● **Available data**:
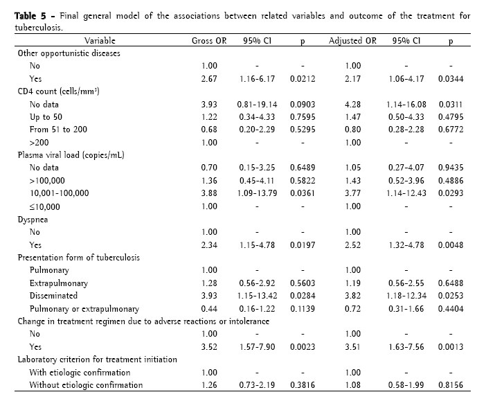 For each of the groups, all variables presenting associations that were independent of the outcome were introduced into the final multivariate model. The following variables remained in the final model: other concomitant opportunistic diseases; CD4 count; plasma viral load; dyspnea; the disseminated form of TB; and change in the TB treatment regimen due to adverse reactions or intolerance, thus constituting the group and variables with the closest association with the outcome (Table 5).
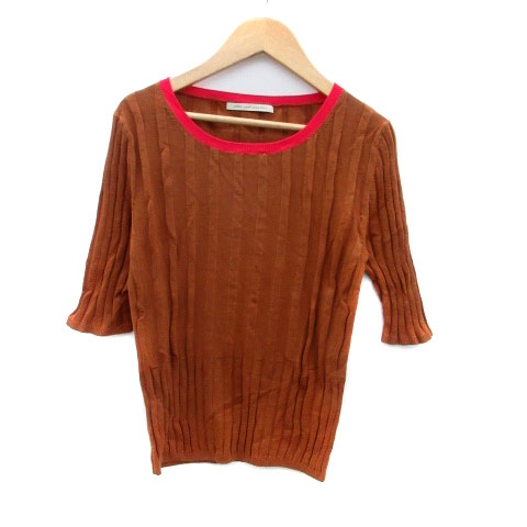 【中古】レディラックルカ LADY LUCK LUCA サマーニット カットソー 五分袖 リブ 茶色 赤 レディース
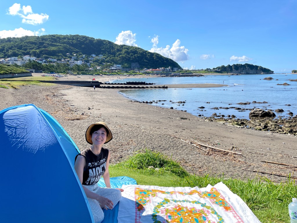 Sick of having to shelter under a sun umbrella, Mrs IKIMASHO was determined to buy a tent this year – look how happy she looks!
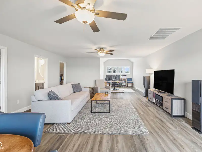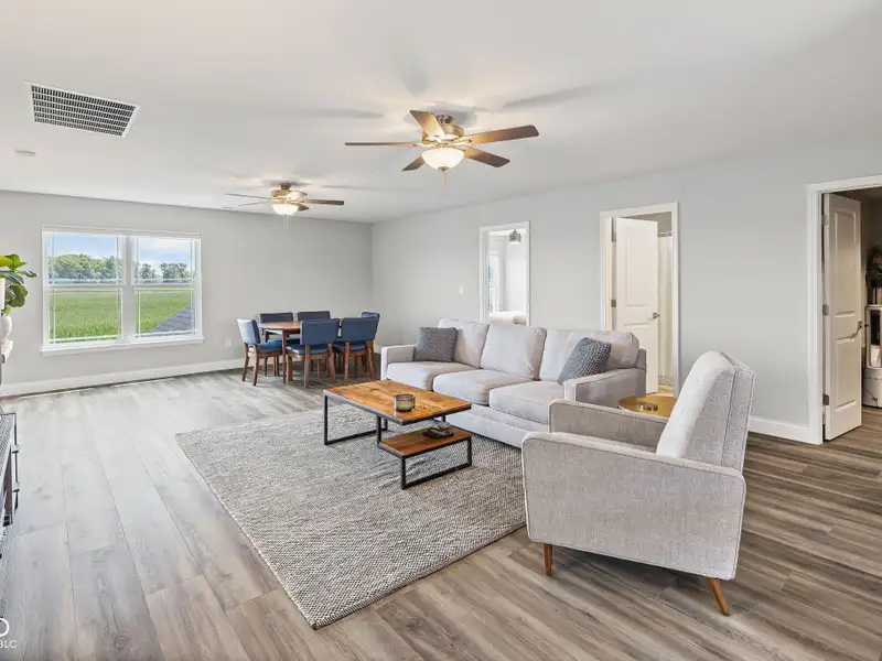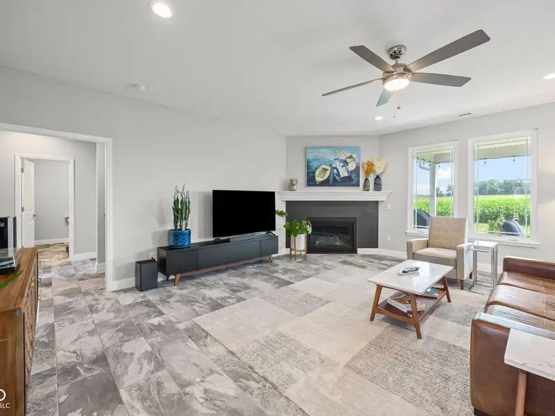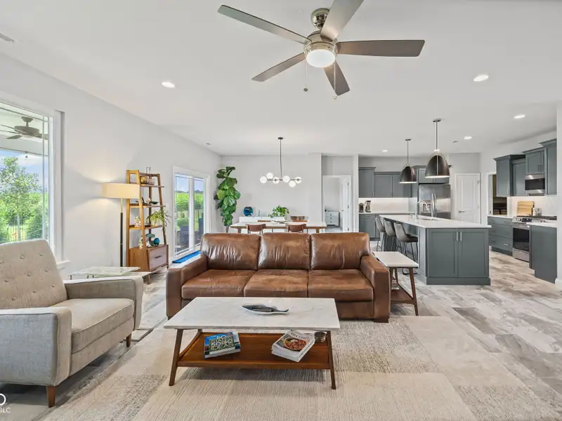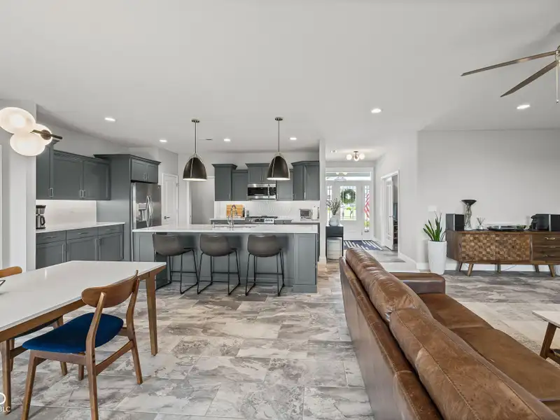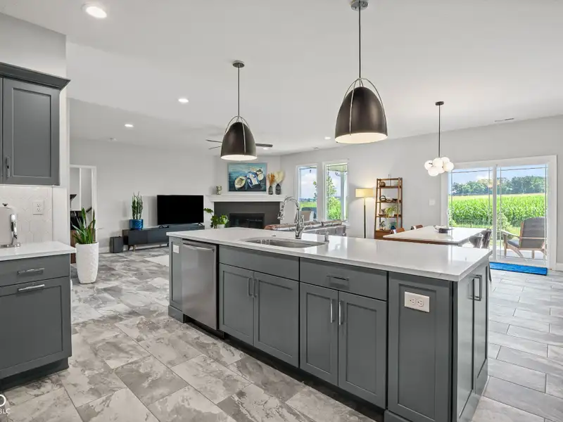 - Open floor plan with large kitchen island

● **Aim of the exercise**: Word for word, restate the lines from the line containing "Sick of having" through the end of the data, including the first and last of them. Pictures stay out.

● **Response**:
 Sick of having to shelter under a sun umbrella, Mrs IKIMASHO was determined to buy a tent this year – look how happy she looks!
 - Open floor plan with large kitchen island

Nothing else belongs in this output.